Nash became a victim of serial killer Ryder when she was tied hand and foot by chains between the front end of a trailer-truck and a detached semi-trailer. She screamed out: "Please don't!" In the cab of the truck with his foot on the clutch, Ryder challenged everyone to shoot him (an officer had cautioned: "If we shoot him, his foot is gonna come off that clutch and that truck is gonna roll"). Jim tensely entered the cab, where Ryder suggested: "The gun is loaded. Go for it! Go ahead, pick it up." Ryder revved the engine and threatened to accelerate. As instructed, Jim picked up the gun and pointed it at Ryder, but couldn't squeeze the trigger (fearing that "she'll die"). Ryder was disgusted: "You useless waste," let up the clutch, and accelerated anyway.
With a horrible tearing and stretching sound, Nash was pulled in two (the gore remained off-screen) when Ryder's foot came off the clutch.

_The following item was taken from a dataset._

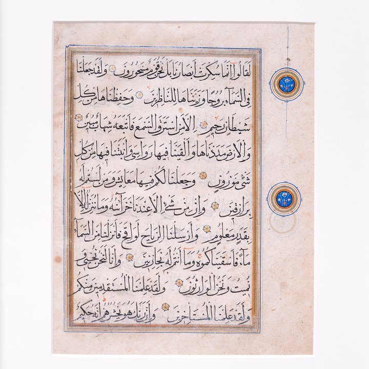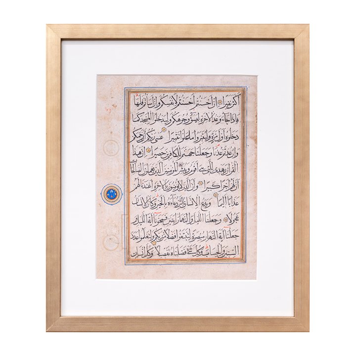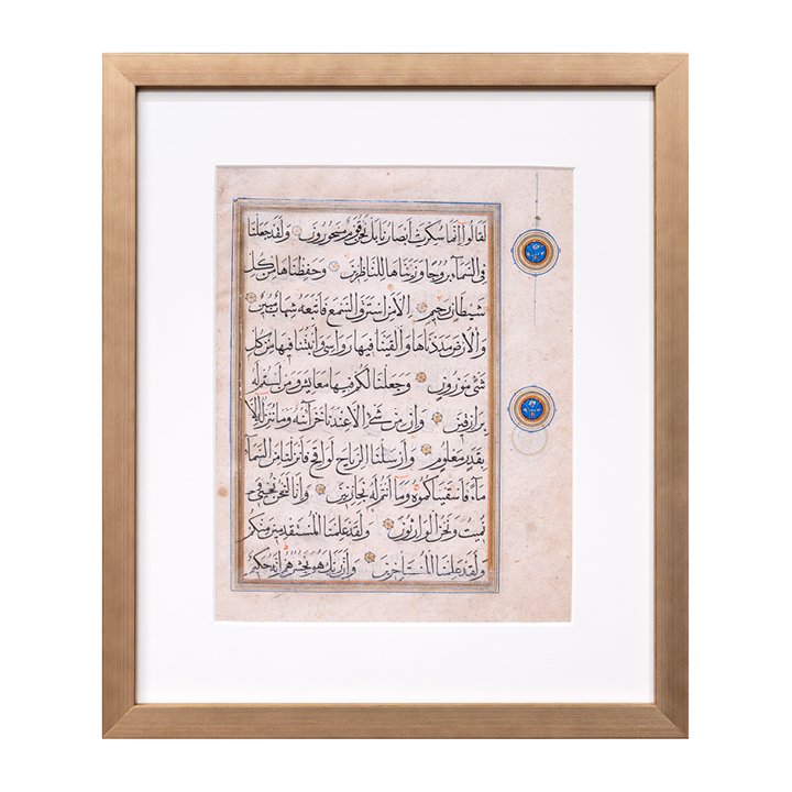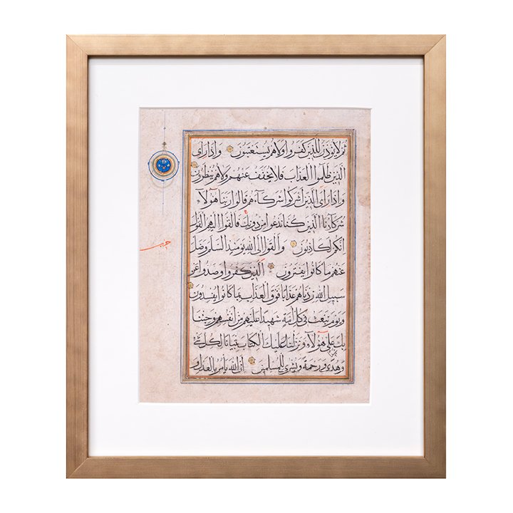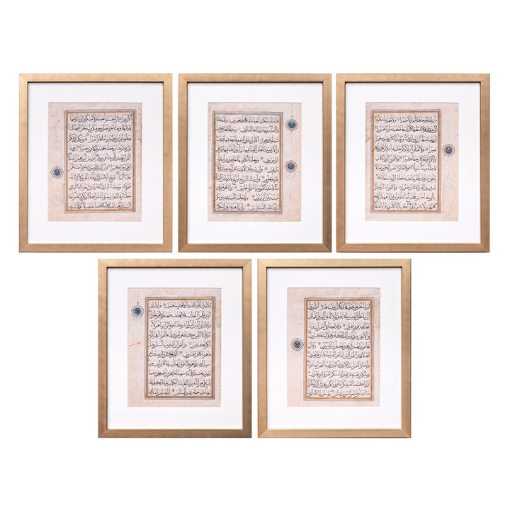 A set of five Qur’an folios from a Safavid. Arabic manuscript on paper, each folio written double-sided with ten lines of bold black naskh script within orange, blue, and gold ruled borders. The text is punctuated with gold rosette verse markers and accompanied by polychrome and gilt marginal medallions. Newly framed under museum glass.

The last view was of her bound hands.
The suspenseful film concluded with Jim successfully finding ultimate vengeance upon the seemingly-dead hitcher by blasting him with a shotgun, and in the process becoming as lethal as Ryder had been.
Little Shop of Horrors (1986)
This was a remake of director Roger Corman's earlier low-budget black comedy Little Shop of Horrors (1960), which also became the basis for the off-Broadway musical in the early 80s.
In the story, nebbish NYC florist shop assistant Seymour Krelbourn (Rick Moranis) owned a hungry, gigantic venus flytrap, named Audrey II (voice of Levi Stubbs) after his infatuated love for co-worker Audrey Fulquard (Ellen Greene). The strange and interesting plant Audrey II craved and demanded Seymour's blood as food.
When Audrey's abusive and sadistic Elvis-like dentist/boyfriend, Dr. Orin Scrivello D.D.S. (Steve Martin), treated her badly in Seymour's presence, he was convinced to kill Scrivello. In the dentist's office during an appointment, he balked at killing Scrivello with a revolver, but then watched as the hysterical, over-the-top dentist accidentally asphyxiated himself on laughing (or "giggle") gas (nitrous oxide), due to a malfunctioning control valve on the tank of the "special gas mask." He literally collapsed and died laughing.
Seymour dragged the dentist's body (stashed in a canvas bag) down the street back to the florist shop, where the ravenous plant called out: "Feed Me!" In the back of the shop, Seymour began to chop up the body with an axe, when the florist shop owner, Mr. Mushnik (Vincent Gardenia) saw his silhouette and assumed that he was an axe-murderer. However, he fled in fear without being seen. Seymour dragged the bloody body parts to Audrey II, where the open-mouthed, voracious, blood-seeking plant gladly feasted on them.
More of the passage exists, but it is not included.